The onnx16/openai/ViT-L/14
is the float16
version of the above model. It provides even faster
inference speed, 28ms per image. However, its searching accuracy is not as good as the float32
version. If you really
care about indexing speed but are less sensitive to accuracy, this might be your choice.
Similarly, choose these model by setting your index as:
settings = {
"index_defaults": {
"treat_urls_and_pointers_as_images": True,
"model": "onnx32/openai/ViT-L/14",
"normalize_embeddings": True,
},
}
response = mq.create_index("my-index", settings_dict=settings)
Generic Models
You can also use models that are not supported by default.
settings = {
"index_defaults": {
"treat_urls_and_pointers_as_images": False,
"model": 'unique-model-alias',
"model_properties": {"name": "sentence-transformers/multi-qa-MiniLM-L6-cos-v1",
"dimensions": 384,
"tokens": 128,
"type": "sbert"},
"normalize_embeddings": True,
},
}
response = mq.create_index("my-generic-model-index", settings_dict=settings)
The model
field is required and acts as an identifying alias to the model specified through model_properties
.
If a default model name is used in the name
field, model_properties
will override the default model settings.

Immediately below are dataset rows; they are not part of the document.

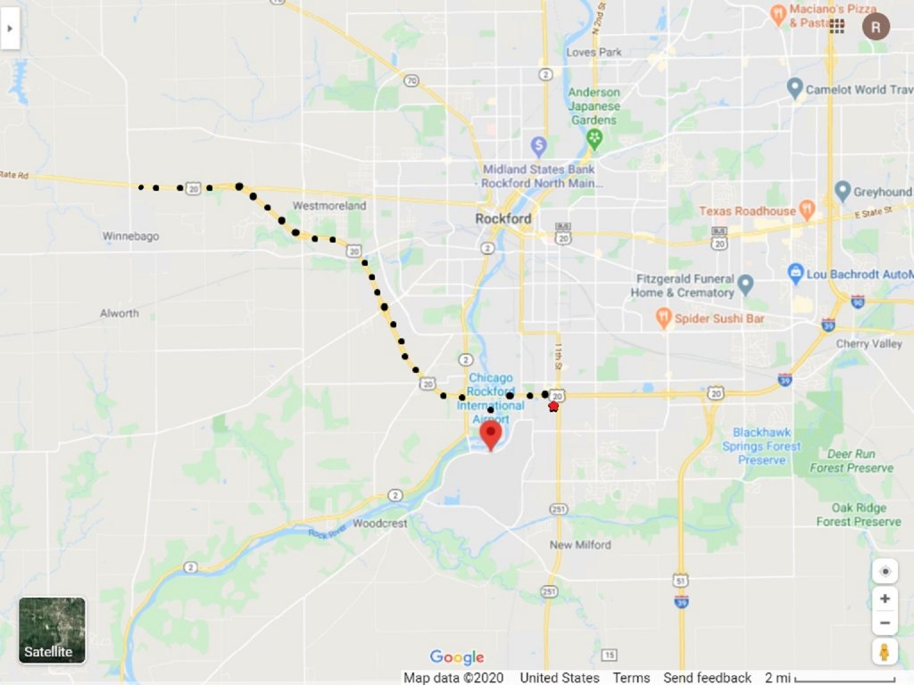 I read on one site that there was an airport in Rockford. I'm wondering if Amy bought the " kid snacks " ( crackers & milk ) at Sullivans grocery for Timmothy , who was asleep in the back seat of her car , to give him something to eat for his plane trip . As you can see from Winnebago she went straight by the airport before checking into the Rockford Inn ( red star ) , she maybe finally connected with people collecting Timmothy at the Airport who left on a flight that evening between 9 pm and 10:30 pm May 13 from Rockford to wherever , before checking into Rockford Inn about 11:30 pm for the end of her wild 3-day freeway trip and also the end of her life . Hopefully the police have checked with the airport for May 13 to see what flights were going where at that time in the evening that registered a young male child with them.
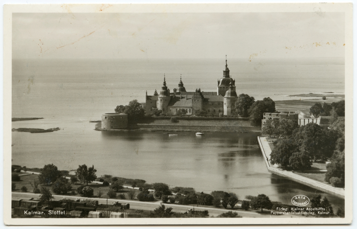 Kalmar slott och Kalmar Central bangård i förgrunden.
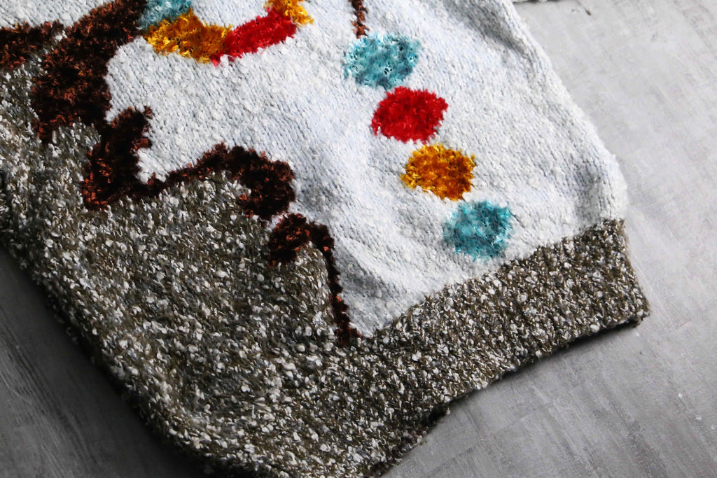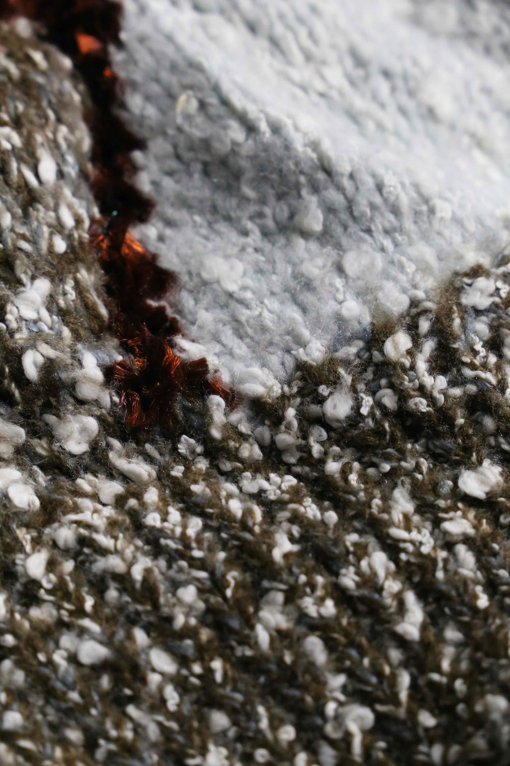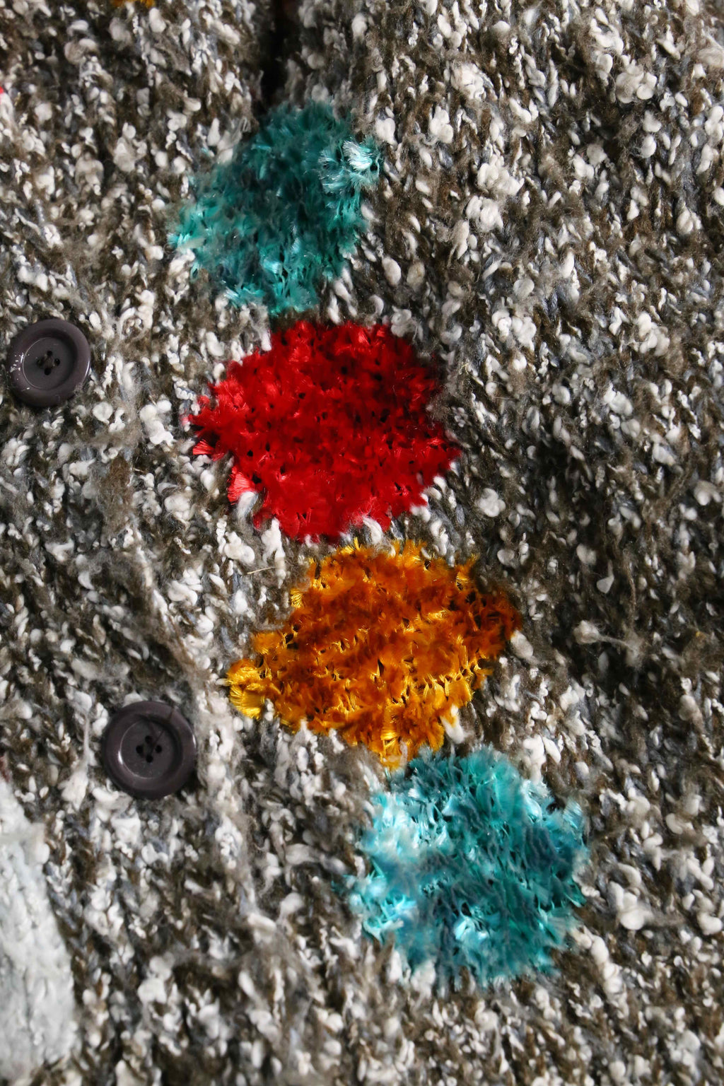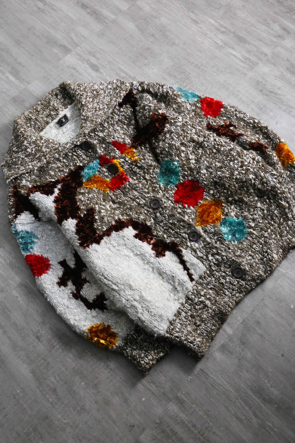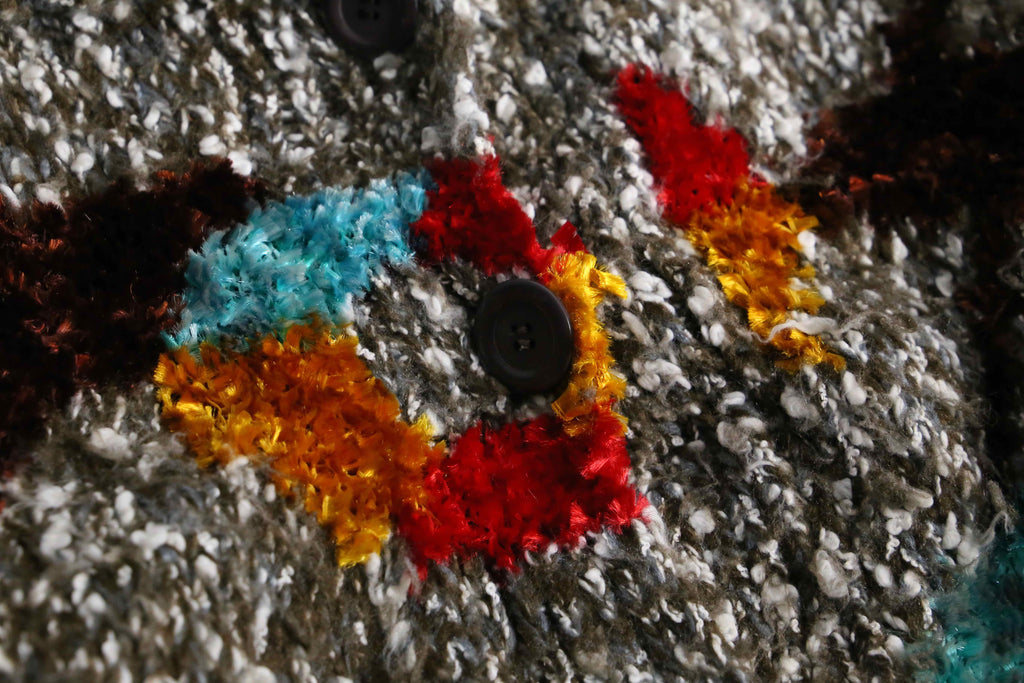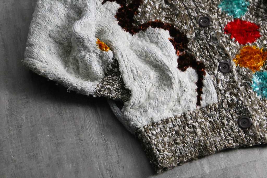 シェニール糸を織り込み、他はメランジとループヤーンのマルチな編み柄。襟はざっくりと開き、かつポケット付き。ニットウェアは通常プルオーバータイプかつインナーウェアに採用されることが多い中、こちらアウターとしての運用が可能。裏起毛のフーディーなんかを仕込めば冬も対応できます。
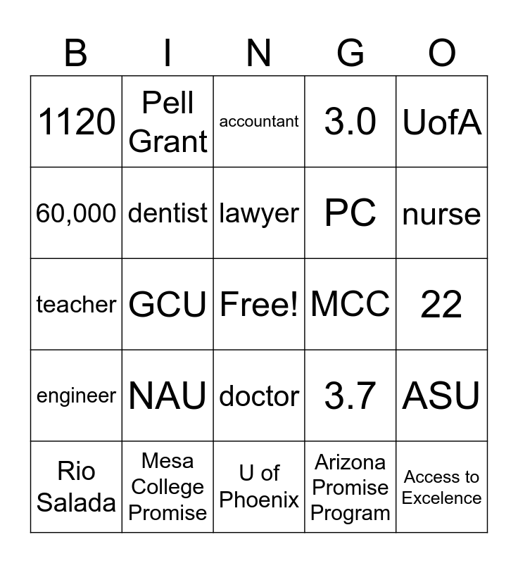 This bingo card has a free space and 24 words: NAU, Mesa College Promise, lawyer, Rio Salada, UofA, 1120, 60,000, Pell Grant, MCC, doctor, PC, teacher, 3.7, ASU, dentist, Arizona Promise Program, 22, accountant, nurse, GCU, Access to Excelence, engineer, 3.0 and U of Phoenix.
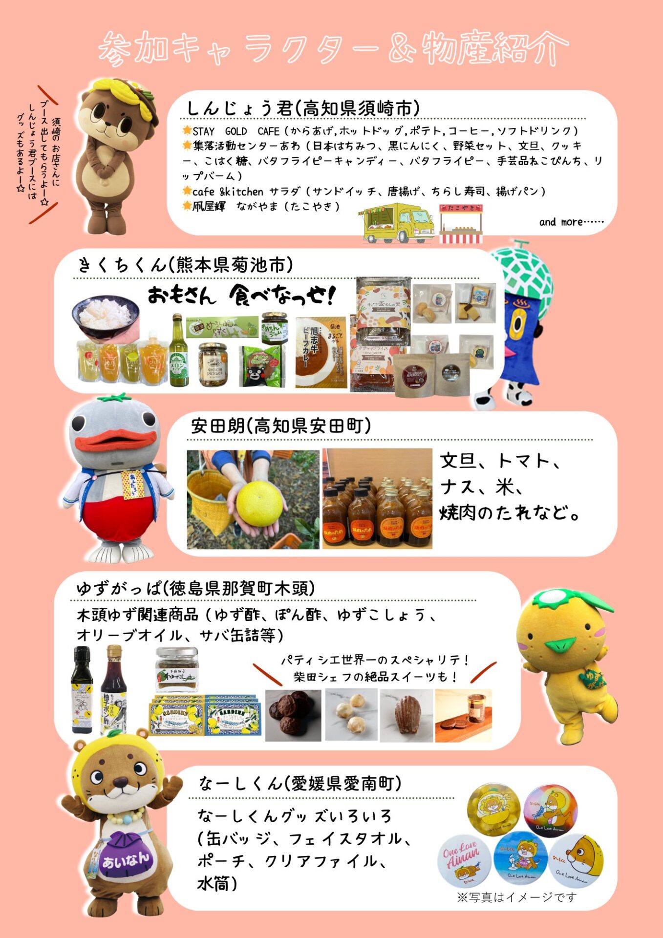 ご当地キャラちゃんが地元の物産やおいしいものをもちよる「なかよし物産展」
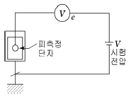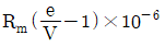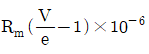 피측정단자에 그림과 같이 결선하여 전압계로 e(V)라는 전압을 얻었을 때 피측정단자의 절연저항은 몇 M Ω인가? (단, Rm : 전압계 내부저항(Ω), V : 시험전압(V)이다.)
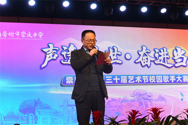 11月27日晚,崇州市崇庆中学运动场舞台灯光璀璨,以“声逢盛世 奋进当歌”为主题的学校第30届艺术节校园歌手大赛决赛在此激情上演。来自少创班、高一、高二、高三的21组选手齐聚舞台,用歌声展现青春风采,为全校师生带来一场视听盛宴。
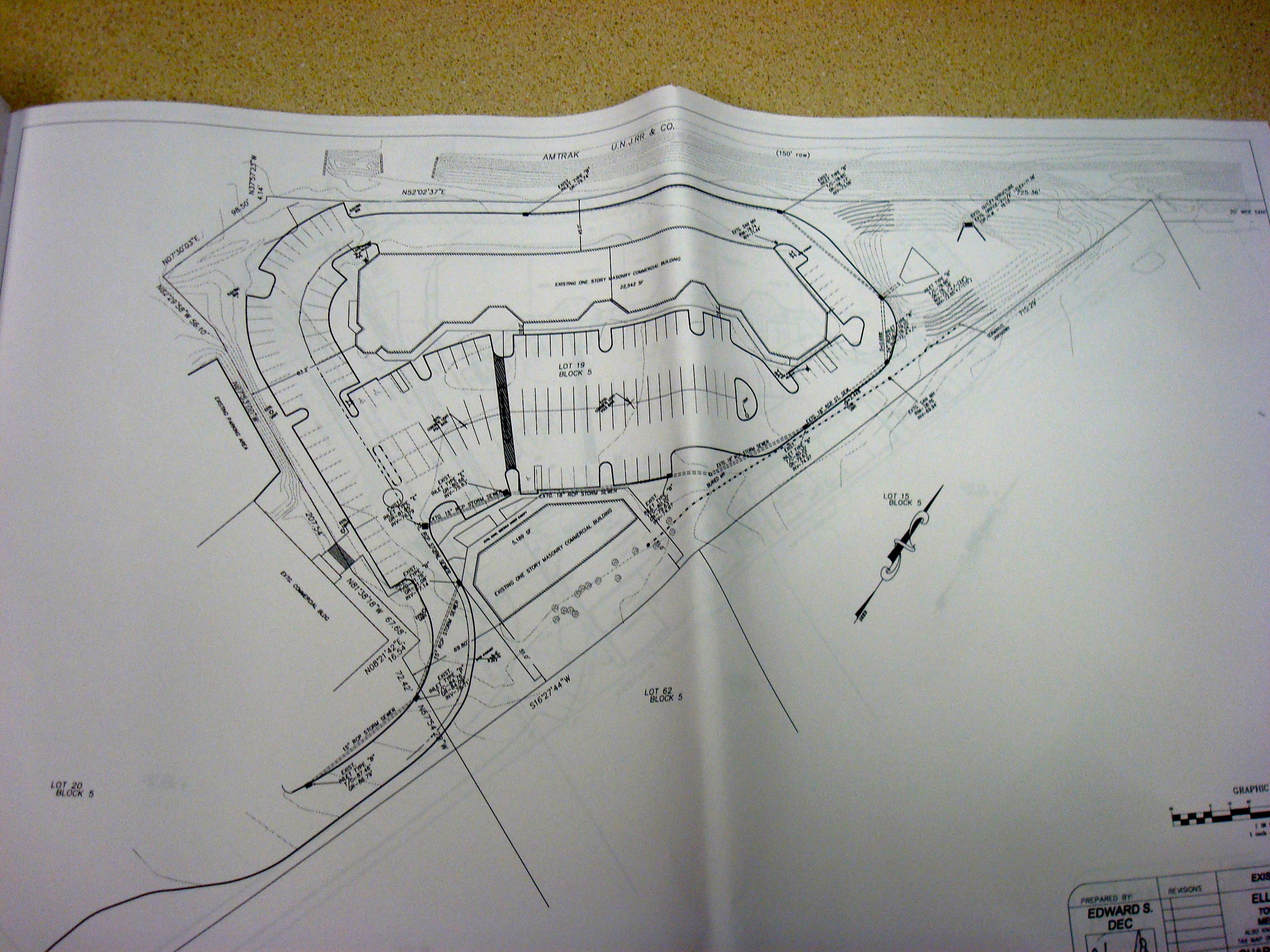 The Rodrigues property backs onto the Amtrak/NJ Transit rail line, with an entrance via Cranbury Road (Route 615). Two buildings are currently standing at the site, as seen in the existing site plan below (yes, these are some grainy photos- the West Windsor planning office, like the one in Princeton, does not have electronic copies of site plans):
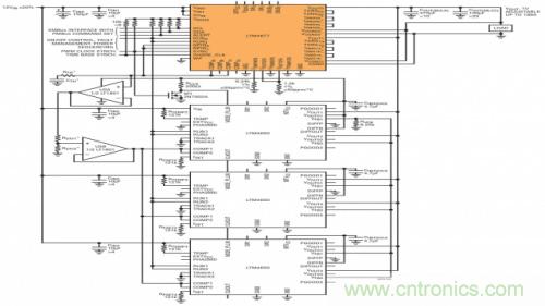 µModule DC/DC 穩(wěn)壓器可提供一種同時(shí)提供高功率輸出和 DPSM 功能的簡單和有效之方法。由于可容易地通過并聯(lián)多個(gè) µModule 穩(wěn)壓器以提供高電流輸出 (各個(gè)通道彼此之間的電流匹配準(zhǔn)確度標(biāo)稱值在 1% 以內(nèi)),從而降低了產(chǎn)生熱點(diǎn)的可能性。而且,只有其中一個(gè) µModule 穩(wěn)壓器必需具備 DPSM 能力,原因是即使并聯(lián)的 µModule 未內(nèi)置固有的 DPSM,它也能提供完整的數(shù)字接口。圖 2 示出了一個(gè) LTM4677 (36A DPSM µModule) 與 3 個(gè) LTM4650 (50A µModule) 相并聯(lián)的應(yīng)用電路原理圖。
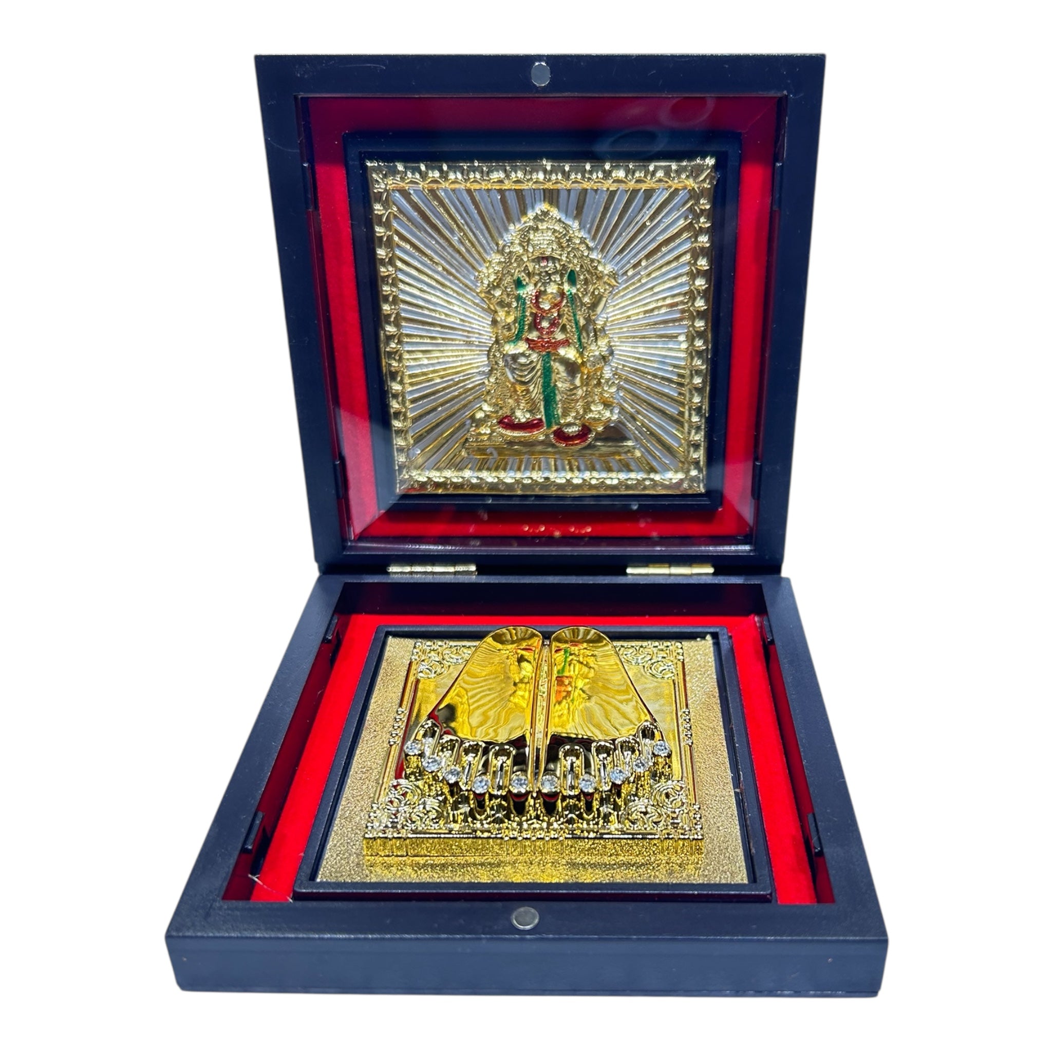 Sri Ganesh Ji Gold Plated Charan Box Corporate Gift 4 x 4 inch | Sacred Divine Footprints for Temple & Home
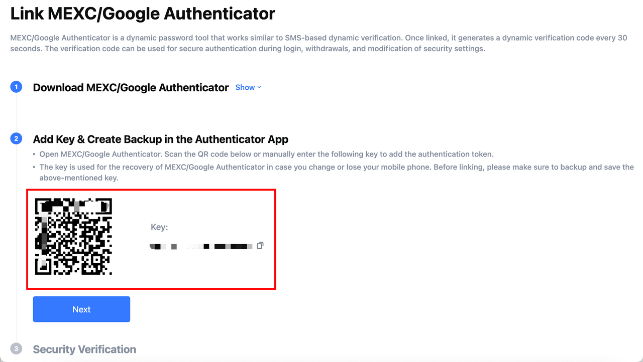 3) Kung na-install na ang Google Authenticator, i-click ang Susunod. Kung hindi, i-scan ang QR code sa pahina para i-download at i-install ang app.
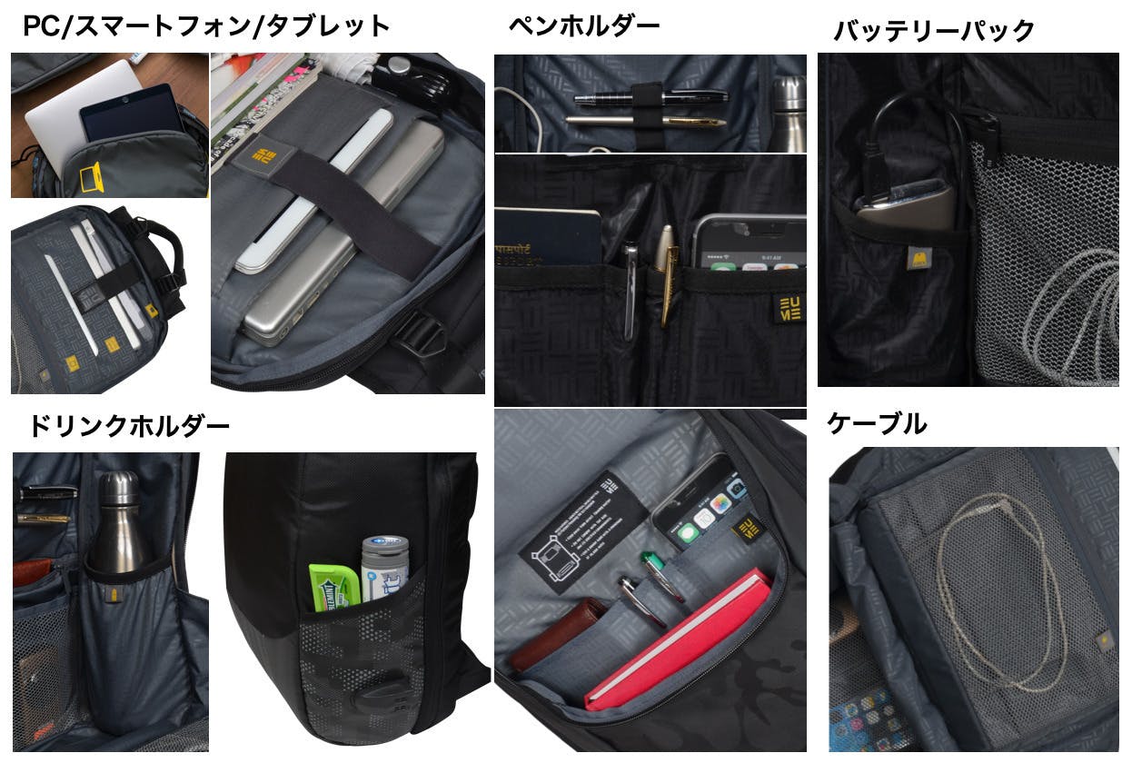 EUMEはすべてのシリーズにおいてPC、スマートフォン、タブレットだけではなく、ペンホルダーやバッテリーパックやケーブル、お財布、ドリンクホルダーなど各用品形状に合わせたポケットを搭載したマルチポケット搭載のバックパックです。

Currently, models hosted on huggingface model hub are supported. These models need to output embeddings and conform to either the sbert api or huggingface api. More options for custom models will be added shortly, including inference endpoints.
Required Keys for model_properties
Name | Type | Description |
---|---|---|
name |
String | Name of model in library |
dimensions |
Integer | Dimensions of model |
Optional Keys for model_properties
Search Parameter | Type | Default value | Description |
---|---|---|---|
tokens |
Integer | 128 |
Number of tokens |
type |
String | "sbert" |
Type of model loader |
Other media types
At the moment only text and images are supported. Other media types and custom media types will be supported soon.